Some of the Royal Mail’s postal services became subject to VAT from 2 April 2012, including Cleanmail.
We asked HMRC the question back in March whether VAT would be recoverable by NHS bodies on these taxable mailing services and was advised as follows:
HMRC stated that COS heading 13; Collection, delivery and distribution services – applies to services provided by organisations other than the Royal Mail. For example, services provided by couriers, Rail Freight, Federal Express, UPS etc. and therefore, these expenses do not qualify for COS deduction.
HMRC have subsequently agreed (although not yet confirmed by the Treasury) that the removal of competition barriers and application of VAT on certain Royal Mail services had resulted in them being treated the same as other private sector providers. NHS organisations should therefore recover VAT until clarification was received from the Treasury policy team.
HM Revenue & Customs (“HMRC”) has recently issued a letter to NHS bodies stating their policy on contracted-out services (“COS”) VAT recovery on leased equipment.

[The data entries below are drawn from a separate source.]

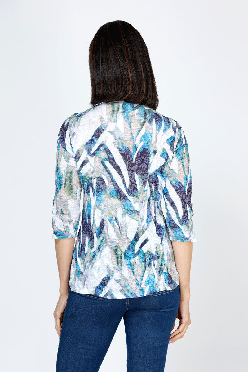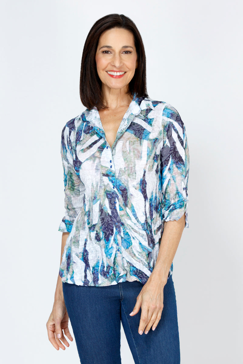 The Watercolor Stripes Snap Front Top is the ideal mash-up of a blouse and a lightweight top! This ultra-soft and simple-shaped piece is effortless to wear and just as effortless to put on, thanks to the decorative front snaps. Fashioned from no iron crinkle fabric and featuring an arty colorful splash print, it's figure flattering and the perfect go-to for any season – effortlessly chic and oh-so comfy!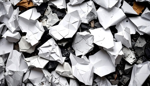 Abundance of shattered white shards contrasting starkly with dark, granular fragments evokes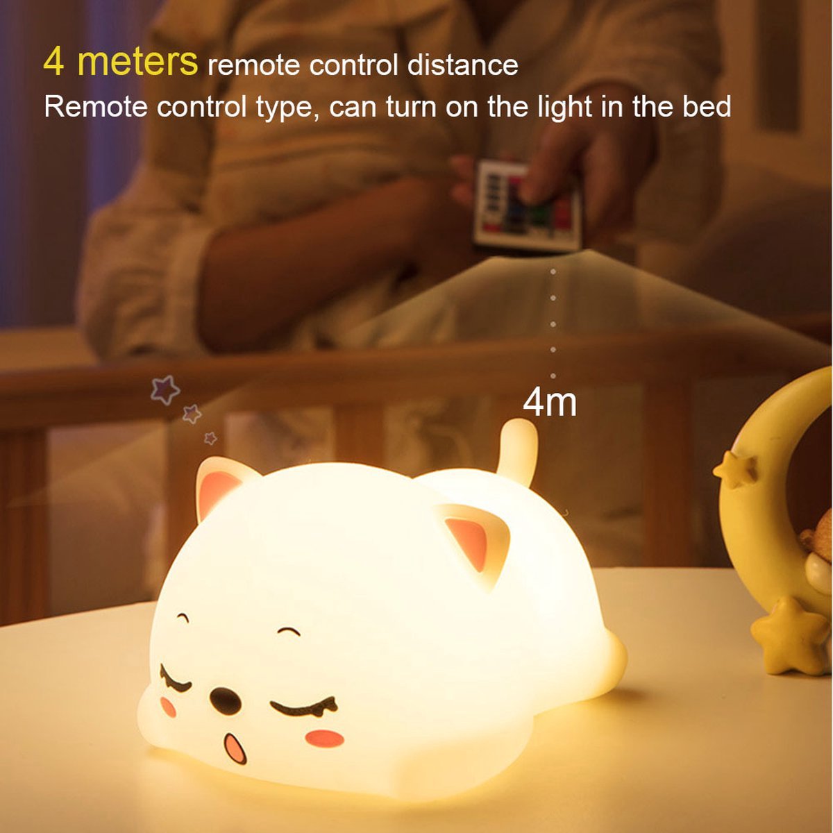 М'яким, приглушеним світлом лампа у вигляді кошеняти огорне дитячу кімнату чарівним світлом, подарувавши дитині море радості та почуття захищеності. З цим чудовим казковим персонажем, що світиться, дитині буде зовсім не страшно засинати вночі.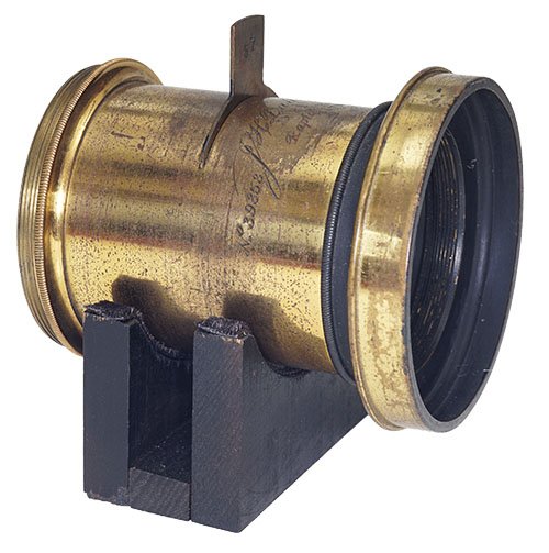 These two characteristics, average aperture and angle of view, combined with the fact that the lens did not produce linear distortions due to its symmetry, allowed cameras to be built with a fixed lens. With a fixed lens they could dispense with the ground glass and frame through an external viewfinder, with the focus made by estimation, i.e. they could be used without a tripod. This opened up the possibility of instant photos, especially when dry plates appeared, which were much more sensitive than collodion. It was a revolutionary lens. It was licensed and copied by all manufacturers and dominated the market for more sophisticated optics until the first anastigmatic lenses were developed in the 1890s.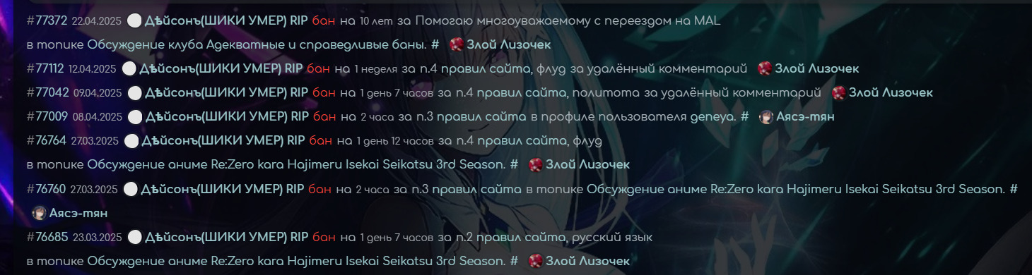 @Кот-бегемот, Смотри историю банов.@Remanga enjoyer, Реально. Не понимаю почему кот его защищает, он вел себя как неадекват постоянно. Забанили его - ДИКТАТУРА, жесть.@Кот-бегемот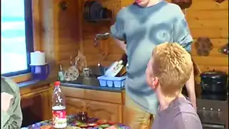 Retro Models - Молодые парни бухали на даче у зрелой русской телки с короткой стрижкой, давали блондинке в рот и стали трахать пизду во время пьяной групповой ебли дырок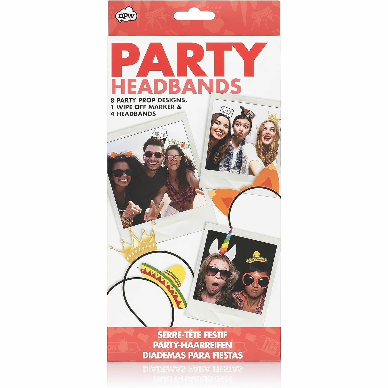 - Pack of 4 headbands with 8 clip on props and dry wipe marker pen.

In summary, this simply re-iterates the rule (which we included in our newsletter of July 2011) that NHS bodies are only permitted to recover VAT on the maintenance of leased equipment (under COS heading 37) where the maintenance is provided by a separate supplier to the one providing the lease hire.
The key point is ‘separate supplier’. Separate charges or separate invoices from the same supplier of the lease hire do not qualify.

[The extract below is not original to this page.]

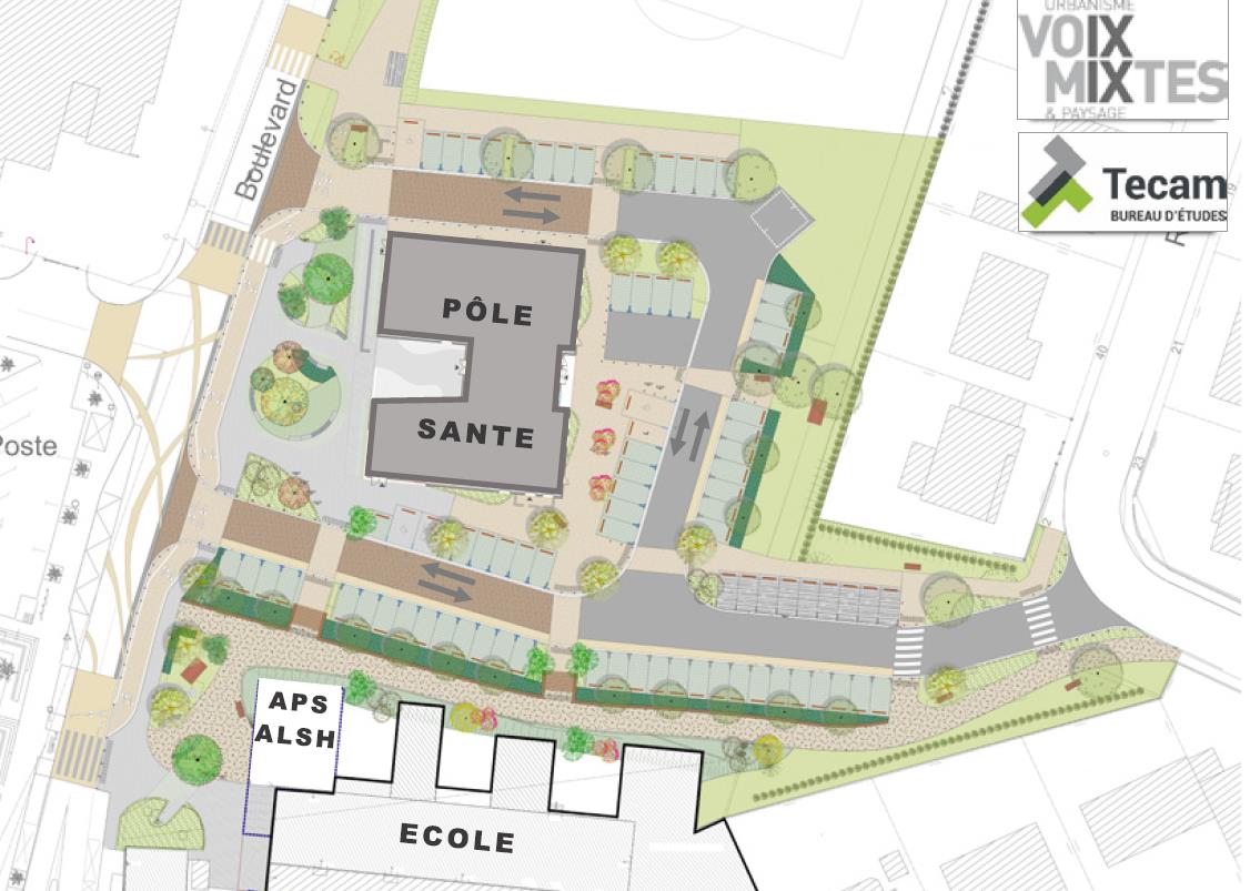 L’une des premières phases de mise en œuvre de ce plan-guide correspond aux aménagements d’espaces publics sur environ 7000 m² autour du futur pôle santé. Cette opération s’accompagnera de la création d’une voie verte reliant l’entrée nord du bourg.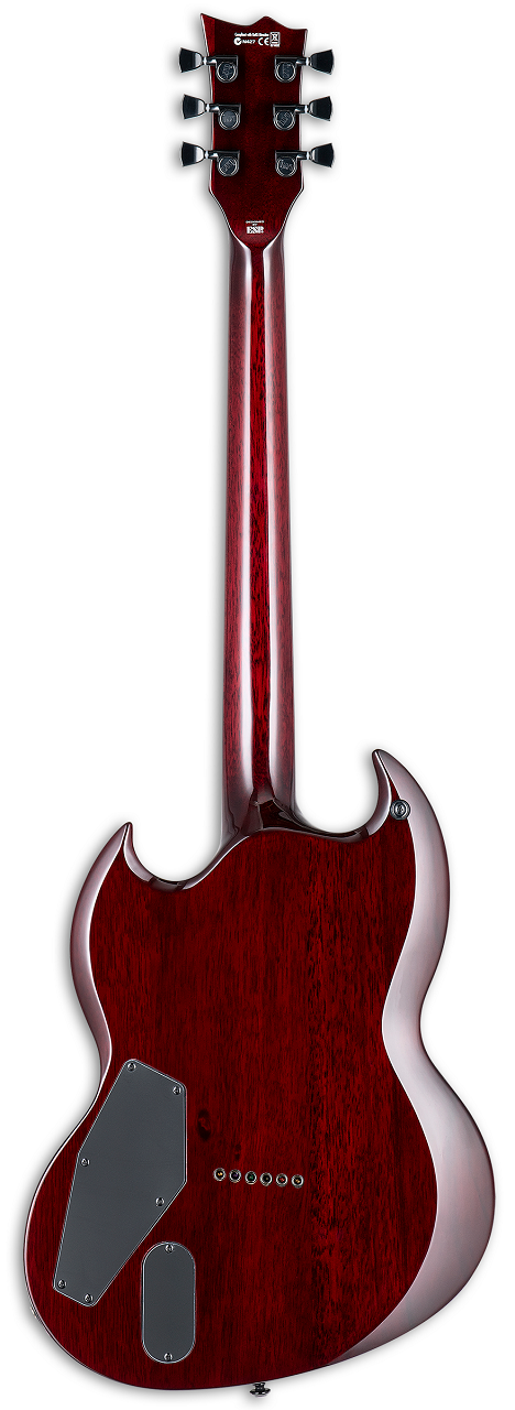 Der Mahagonikorpus ist mit einer transparenten, glänzenden See Thru Black Cherry-Lackierung versehen, die die Schönheit der Holzmaserung durchscheinen lässt. Die Set-Thru-Konstruktion ermöglicht einen einfachen Zugang zu den höchsten Bünden, gepaart mit einem dreiteiligen Mahagoni-Hals. Das Griffbrett aus Makassar-Ebenholz verfügt über 24 Extra-Jumbo-Bünde aus rostfreiem Stahl und weiße ESP-Flaggeneinlagen sowie ein schwarzes Binding am Hals und eine passende Kopfplatte.

Although not explained in the letter, the reason for HMRC’s stance on this is that the supply of services within a lease package is considered economically not dissociable from a supply of the hire of the goods. In essence, VAT recovery on the service element is inappropriate because what is being supplied constitutes a ‘single supply’ of the letting or hire of goods.
If you currently have, or are looking to enter into any lease contracts with maintenance, we would be happy to provide our advice to legitimately save VAT costs with these types of arrangement.
Determining the VAT liability of supplies of staff is far from straightforward and we are frequently asked by our clients whether VAT should be charged. The relevant legislation is not particularly clear on the point and with the advent of penalties for the NHS, clarifying the issue is a means of taking reasonable care.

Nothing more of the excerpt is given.